Так всем четырнадцати и казалось — огромный дом-игрушка стоял под медленно кружащимися перышками весеннего вечера.

— Ты принес спички? — спросил Келли.

— Принес ли я… за кого ты меня принимаешь?

— Ну так принес или нет — вот все, что я спрашиваю.

Кейси принялся искать. Когда все карманы оказались вывернутыми наружу, он выругался.

— Нет, не принес.

— Какого черта, — успокоил Нолан. — Там наверняка есть спички. Позаимствуем несколько штук. Пошли.

Когда они оказались на дороге, Тимулти споткнулся и упал.

— Ради Бога, Тимулти, — проворчал Нолан, — где твои романтические чувства? В разгар Большого Пасхального Восстания мы обязаны сделать все как следует. Через многие годы мы хотим войти в пивную и рассказать об Ужасном Большом Пожаре в Усадьбе, разве не так? А если ты будешь сидеть на заднице в снегу, то испортишь всю картину Восстания, разве не так?

Тимулти кивнул, поднялся на ноги, исправив общую картину.

— Я постараюсь помнить о хороших манерах, — обещал он.

— Тс-с! Вот мы и пришли! — воскликнул Риордан.

— Господи, перестань говорить вещи вроде «эта усадьба» и «вот мы и пришли», — заявил Кейси. — Конечно же, мы видим проклятый дом! Что делать дальше?

— Уничтожим его? — неуверенно предложил Мерфи.

— Ба, ты так глуп, что на тебя страшно смотреть, — сказал Кейси. — Конечно, мы его уничтожим, но сначала… чертежи и планы.

— Все казалось таким простым в пивной «У Хикки», — заметил Мерфи. — Мы придем и просто камня на камне не оставим от этой проклятой усадьбы. Если учесть, какая у меня толстая жена, мне просто необходимо с чем-нибудь зверски расправиться.

— Пожалуй, следует постучать в дверь, — вмешался Тимулти, сделав глоток из бутылки, — и спросить разрешения.

— Разрешения! — проворчал Мерфи. — Я бы не доверил тебе даже управление адом — пропащие души никогда бы не начали поджариваться! Надо…

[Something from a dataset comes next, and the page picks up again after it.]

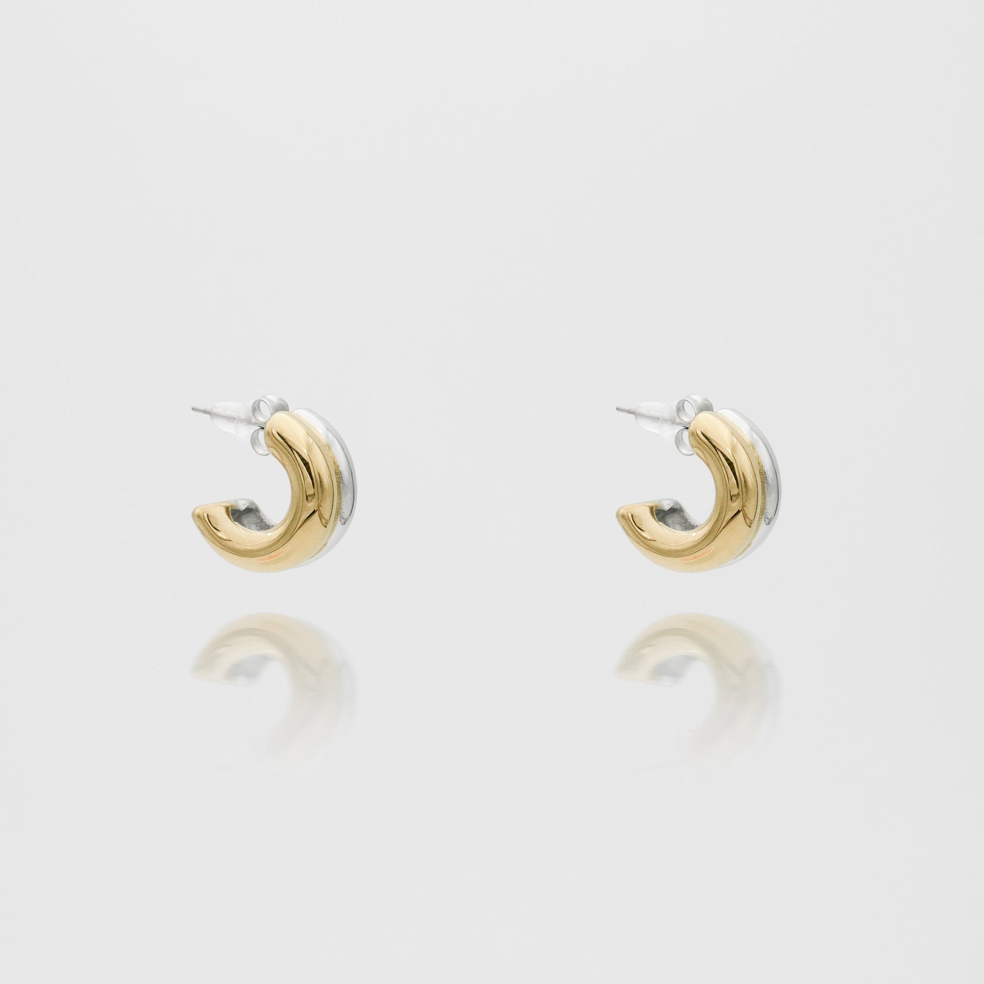 Our Bonnie Huggie Earrings has a striking double-banded design. These versatile huggies blend seamlessly into any earring stack or make a statement on their own. Available in Gold, Silver, and Mixed Metal finishes, they are the perfect blend of style and sophistication.

Однако передняя дверь неожиданно распахнулась, заставив его замолчать.

На пороге стоял человек и вглядывался в темноту.

— Послушайте, — донесся негромкий спокойный голос, — не могли бы вы говорить потише. Хозяйка дома прилегла отдохнуть перед вечерней поездкой в Дублин, и…

Мужчины, на которых падал свет, идущий из открытой двери, заморгали, отступили на несколько шагов и сняли шапки.

— Это вы, лорд Килготтен?

— Да, — ответил человек, стоящий в дверях.

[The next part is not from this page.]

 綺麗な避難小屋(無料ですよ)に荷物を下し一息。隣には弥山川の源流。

— Мы постараемся не шуметь, — обещал дружелюбно улыбающийся Тимулти.

— Просим прощения, ваша светлость, — сказал Кейси.

— Вы очень добры, — ответил его светлость, и дверь аккуратно закрылась.

Все мужчины остались стоять с раскрытыми ртами.

— «Просим прощения, ваша светлость», «мы постараемся не шуметь, ваша светлость»!.. — Кейси хлопнул себя по лбу. — Что мы говорили? Почему никто из нас не ухватился за дверь, пока он здесь стоял?

— Мы были ошарашены, вот почему; он взял нас на испуг, как все сильные мира сего, будь они прокляты. Я хочу сказать, ведь мы ничего не делали, не так ли?

— Однако мы действительно шумели, — признал Тимулти.

— Шумели, черт побери! — взорвался Кейси. — Проклятый лорд ускользнул из наших когтей!

— Тс-с-с, не так громко, — сказал Тимулти.

Кейси понизил голос:

— Давайте осторожно подберемся к двери и…

— Это совсем не обязательно, — заметил Нолан. — Он уже знает, что мы здесь.

— Подберемся к двери, — повторил Кейси, заскрипев зубами, — и взломаем ее…

Дверь снова открылась.

Лорд, словно тихая тень, выглянул и осведомился негромким, терпеливым и хрупким старческим голосом:

— Послушайте, что вы здесь делаете?

— Ну, дело обстоит так, ваша светлость… — начал Кейси и, побледнев, замолчал.

— Мы пришли, — выпалил Мерфи, — мы пришли… сжечь эту усадьбу!

Лорд постоял немного, глядя на снег и собравшихся мужчин, его рука все еще лежала на дверной ручке. Потом закрыл на мгновение глаза, подумал, после короткой борьбы справился с тиком, из-за которого затрепетали веки, и сказал:

— Гм-м, в таком случае вам лучше войти.

Мужчины ответили: хорошо, отлично, годится — и двинулись к дому, но тут Кейси выкрикнул:

— Подождите! — А затем добавил, обращаясь к стоявшему на пороге старику: — Мы войдем, когда будем готовы.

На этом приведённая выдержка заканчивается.